Probability Distributions Arising in Connection with the Inspection Paradox for Bernoulli Trials

Abstract

In renewal theory, the Inspection Paradox refers to the fact that an interarrival period in a renewal process which contains a fixed inspection time tends to be longer than one for the corresponding uninspected process. We focus on the paradox for Bernoulli trials. Probability distributions and moments for the lengths of the interarrival periods are derived for the inspected process, and we compare them to those for the uninspected case.

Share and Cite:

Marengo, J. , Himes, A. , Reinberger, W. and Farnsworth, D. (2023) Probability Distributions Arising in Connection with the Inspection Paradox for Bernoulli Trials. Open Journal of Statistics, 13, 769-777. doi: 10.4236/ojs.2023.136038.

1. Introduction

The Inspection Paradox, which occurs in many sampling situations, is a pervasive problem to researchers [1] [2] . It is called a paradox because selecting samples in an apparently correct way can lead to biased estimates. The sampling method that is used creates a bias called length bias ( [2] [3] , pp. 294-296). Two examples are the waiting times for buses [4] and estimates of class sizes [5] . They employ length-based sampling that leads to the paradoxical result of estimates that are too large. The scheduler of the buses knows how long the waiting periods are between arrivals of buses at a bus stop. Customers tend to obtain estimates of the waiting times that are larger because the customers are liable to arrive at the bus stop during a longer interval between buses. For the class size example, a school administrator might have a list of the number of children in each class. Instead of sampling from that list of classes to obtain an average class size, students can be asked how many classmates they have. Larger classes have more students, so students from those classes are more likely to be asked about their class’s sizes. Estimates from this procedure will probably be too large.

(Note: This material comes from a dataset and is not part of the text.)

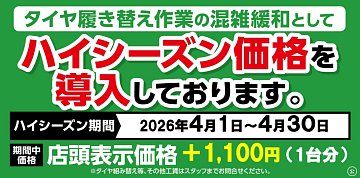 こんにちは!秋田市八橋のタイヤ館秋田です! 当店では毎年、タイヤ交換の季節の混雑緩和のために ハイシーズン価格を導入しております お客様にはご不便をおかけしますが 何卒、ご理解ご協力をいただけますようお願い申し上げます。

This paradox has been well-known for a long time. Bytheway [6] and Jenkins and Tuten [7] describe published articles that had unwittingly fallen into the paradox and may have come to incorrect conclusions as a consequence. In [8] , the author discusses the complication that the fastest growing tumors are less likely to be detected because the window of detection is smaller for them.

Conversely, sometimes those longer intervals or larger objects are the target of a study. For example, [9] suggests purposely using sampling of individuals, i.e., length-based sampling, in order to find people’s experience with COVID. The goal of the authors of [4] is to find longer-lived examples using length-based sampling.

In the past, continuous-time processes and models were the most commonly studied, but discrete processes, such as those investigated here, have become more prevalent in the digital age. A natural setting, which is consistent with our model, is DNA sequencing, where p = 0.25 ( [10] , pp. 17-41; [11] ). The process is composed of consecutive live births, where a success is a birth with a particular genetic characteristic and the number of births between successes is the waiting time. Sometimes, the discrete time analysis is imposed by an artificial procedure such as hourly, daily, or weekly measurements [12] , or an activity such as throwing a die. There is much continuing study and research into discrete time renewal processes ( [3] , pp. 174-299; [12] [13] [14] , pp. 53-65).

In what follows, probability distributions and moments are derived for the lengths of all of the interarrival periods in the inspected process, and they are compared to those for the corresponding lengths in the uninspected process. Distributions are also derived for the waiting times for any fixed number of successes that occur both before and after the inspected trial. The main tools used are conditioning arguments that make heavy use of the memoryless property of the geometric distribution. This distribution is the only distribution of the discrete type which has this property. It is the discrete-time analog of the exponential distribution, which uniquely possesses the memoryless property among distributions of the continuous type. Accordingly, the results derived here are compared to the corresponding results in the continuous-time setting found in [2] .

2. Bernoulli Processes

Consider a Bernoulli process { N ( t ) : t = 0 , 1 , } with success probability p, where p is a fixed number in the interval ( 0,1 ) . The interarrival period lengths X 1 , X 2 , are independent random variables, each of which has the Geometric(p) distribution with cumulative distribution function (cdf)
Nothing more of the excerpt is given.